A vector or matrix which specifies the estimated communities. If this is inputted as a vector, then if `Ate` is of size `n` x `n`, then this should be a vector of length `n`, where the ith element is the numbered community that the ith node belongs to. For example, `communities[2] = 3` would indicate that the 2nd node belongs to the 3rd estimated community. If this is inputted as a matrix, then it should be a matrix of size `n` x `K`, where `K` is the number of estimated communities. The matrix should have 0s and 1s only, where `communities[i, k] = 1` indicates that the ith node belongs to the `k`th community. Each node is only allowed to belong to a single community, so there should only be a single 1 in each row of this matrix.

distribution

The distribution that the edges of the adjacency matrix follow. Acceptable distributions are `"gaussian"`, `"poisson"`, or `"bernoulli"`.

epsilon

The parameter controlling the amount of information allocated to the train network versus the test network. For Gaussian and Poisson networks, this must be between 0 and 1 (non-inclusive). A larger value of epsilon indicates more information in the train network. For Bernoulli networks, this input is an alias to the `gamma` parameter.

gamma

For Bernoulli networks, the parameter controlling the amount of information allocated to the train network versus the test network. This must be between 0 and 0.5 (non-inclusive) A larger value of `gamma` indicates less information in the train network, and more in the test network.

Atr

The train adjacency matrix produced from the `split_network()` function. This is only necessary when the network has edges which follow the Bernoulli distribution.

allow_self_loops

A logical indicating whether the network allows self loops (edges pointing from a node to itself.) By default this parameter is set to `TRUE`. If this is set to `FALSE`, then values in the adjacency matrix along the diagonal will be ignored.

is_directed

A logical indicating whether the network is a directed network, and by default is set to `TRUE`. If this is set to `FALSE`, then only the values in the upper triangular portion of the adjacency matrix will be used.

tau

For networks with Gaussian edges only, this parameter indicates the known common standard deviation (square root of the variance) of the edges in the network.

Value

A list labeled with two elements labeled `"estimate"` and `"estimate_variance"`, which contain the estimate for the selected target of inference, as well as an estimate of the variance of the estimator.

Examples

# ==============================
# == Gaussian network example ==
# ==============================
# (Poisson networks proceed nearly identically except that the parameter
#  tau is not necessary to input into split_network() or infer_network())

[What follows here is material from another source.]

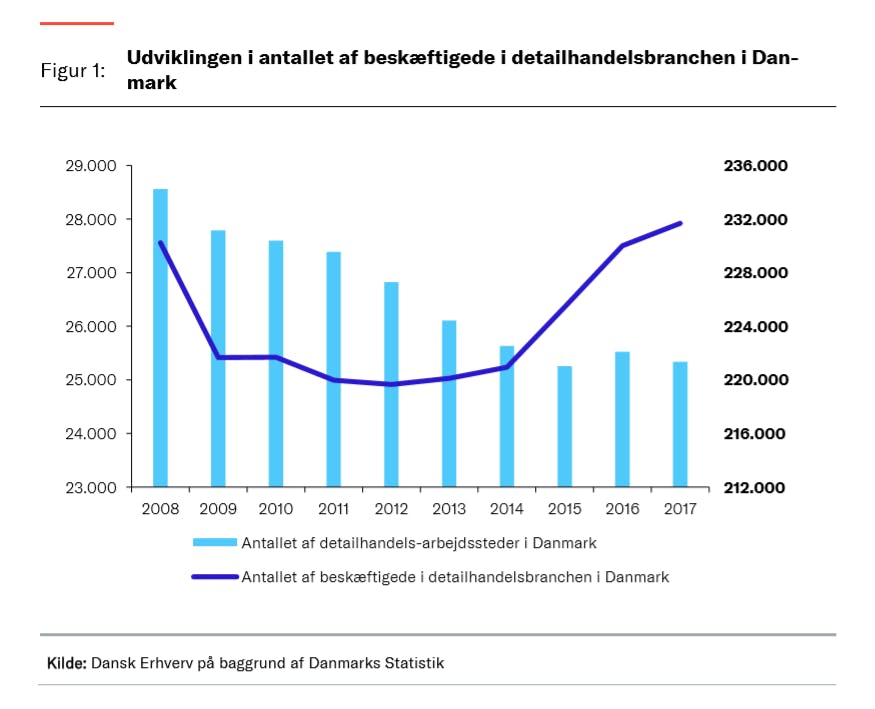 - På landsplan er der fra 2008 til 2017 forsvundet ca. 3.200 detail-arbejdssteder, men i samme periode er antallet af beskæftigede i detailhandlen vokset med 1.500 personer.
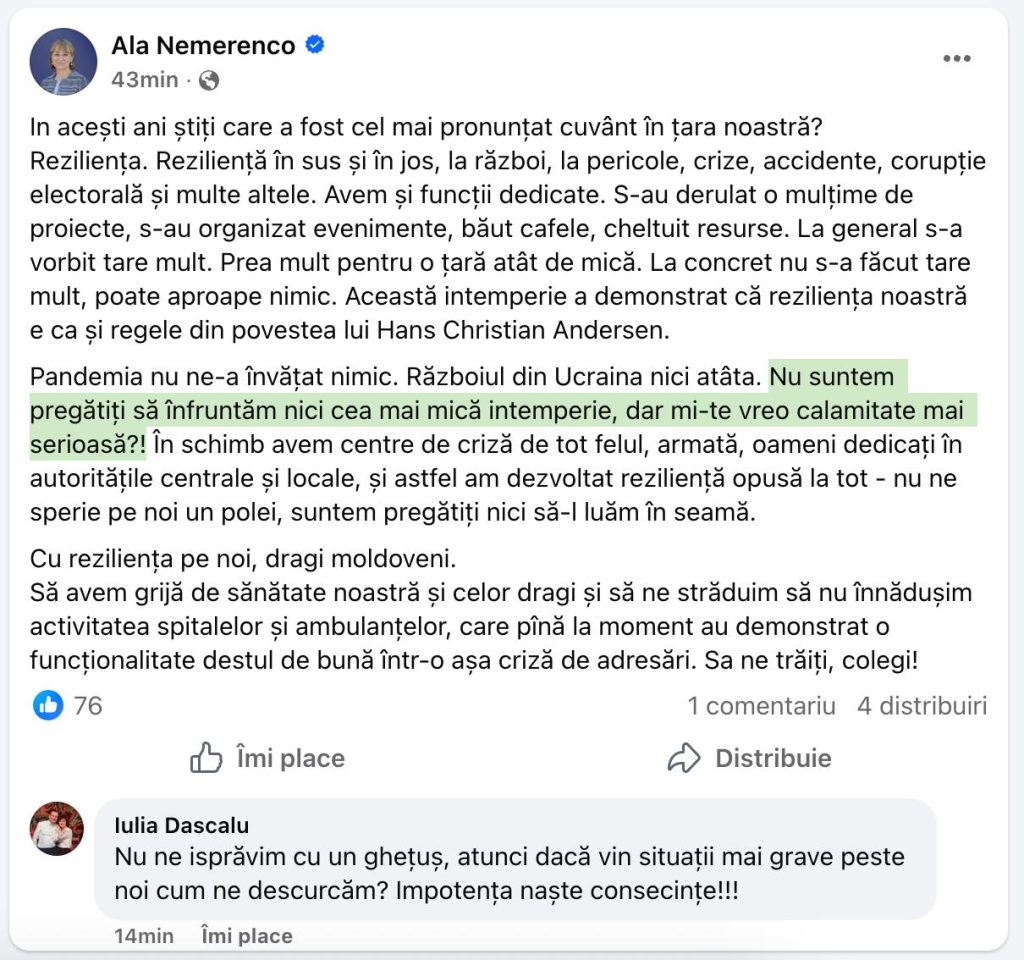 Fostul ministru al Sănătății, Ala Nemerenco, a criticat modul în care este gestionată situația de criză din aceste zile, afirmând că, deși guvernarea vorbește constant despre „reziliență”, aceasta nu se reflectă în capacitatea reală a statului de a face față unor intemperii.

# First, split a simulated Gaussian adjacency matrix
A_gaussian <- matrix(stats::rnorm(n = 10^2, mean = 10, sd = 5), nrow = 10)
gaussian_split <- split_network(A = A_gaussian, distribution = "gaussian",
                               epsilon = 0.3, tau = 5)
A_gaussian_tr <- gaussian_split$Atr
A_gaussian_te <- gaussian_split$Ate

# Estimate some communities using the train matrix using spectral
# clustering for K=3 communities
if (requireNamespace("nett", quietly = TRUE)) {
  communities_estimate <- nett::spec_clust(A_gaussian_tr, K = 3)
} else {
  communities_estimate <- c(1, 1, 1, 2, 2, 2, 3, 3, 3, 3)
}

# This particular "u" vector will specify that we want to conduct inference
# for the mean connectivity within the first estimated community.
# Note that "u" is of length 9, because we have 3 estimated communities.
# (This should always be of length K^3)
u_vector <- c(1, 0, 0, 0, 0, 0, 0, 0, 0, 0)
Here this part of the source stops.